GIVEN DATA:
• • • • •
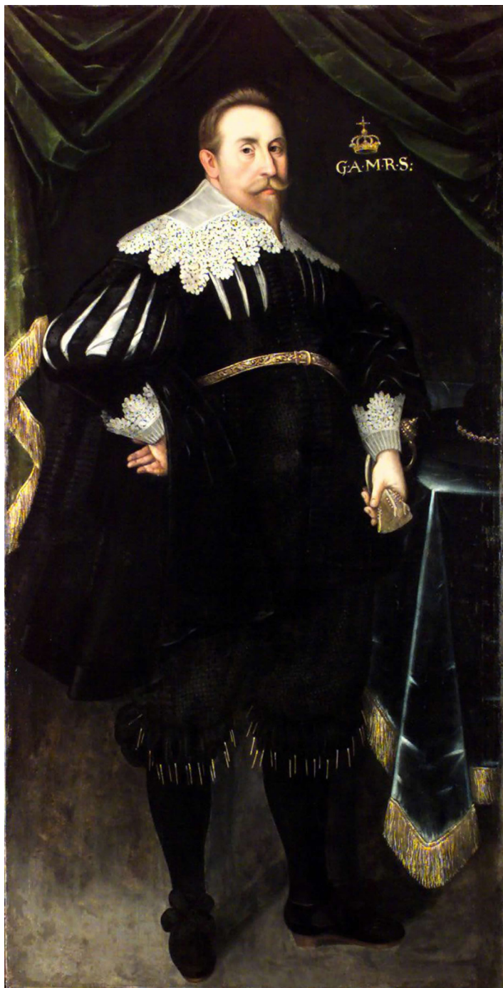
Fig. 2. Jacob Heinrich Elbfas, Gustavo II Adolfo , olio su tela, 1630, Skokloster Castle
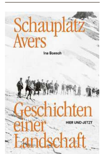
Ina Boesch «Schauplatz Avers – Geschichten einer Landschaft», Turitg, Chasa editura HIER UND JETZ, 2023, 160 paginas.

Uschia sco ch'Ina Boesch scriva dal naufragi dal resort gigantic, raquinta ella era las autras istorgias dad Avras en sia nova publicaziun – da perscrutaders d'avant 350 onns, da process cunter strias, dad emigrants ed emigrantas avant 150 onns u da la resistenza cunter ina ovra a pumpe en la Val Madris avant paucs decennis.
• • • • •
DESCRIPTION OF THE TASK:
Copy out, from the data above, each line where the string "Boesch" is present.

RESULT BELOW:
Ina Boesch «Schauplatz Avers – Geschichten einer Landschaft», Turitg, Chasa editura HIER UND JETZ, 2023, 160 paginas.
Uschia sco ch'Ina Boesch scriva dal naufragi dal resort gigantic, raquinta ella era las autras istorgias dad Avras en sia nova publicaziun – da perscrutaders d'avant 350 onns, da process cunter strias, dad emigrants ed emigrantas avant 150 onns u da la resistenza cunter ina ovra a pumpe en la Val Madris avant paucs decennis.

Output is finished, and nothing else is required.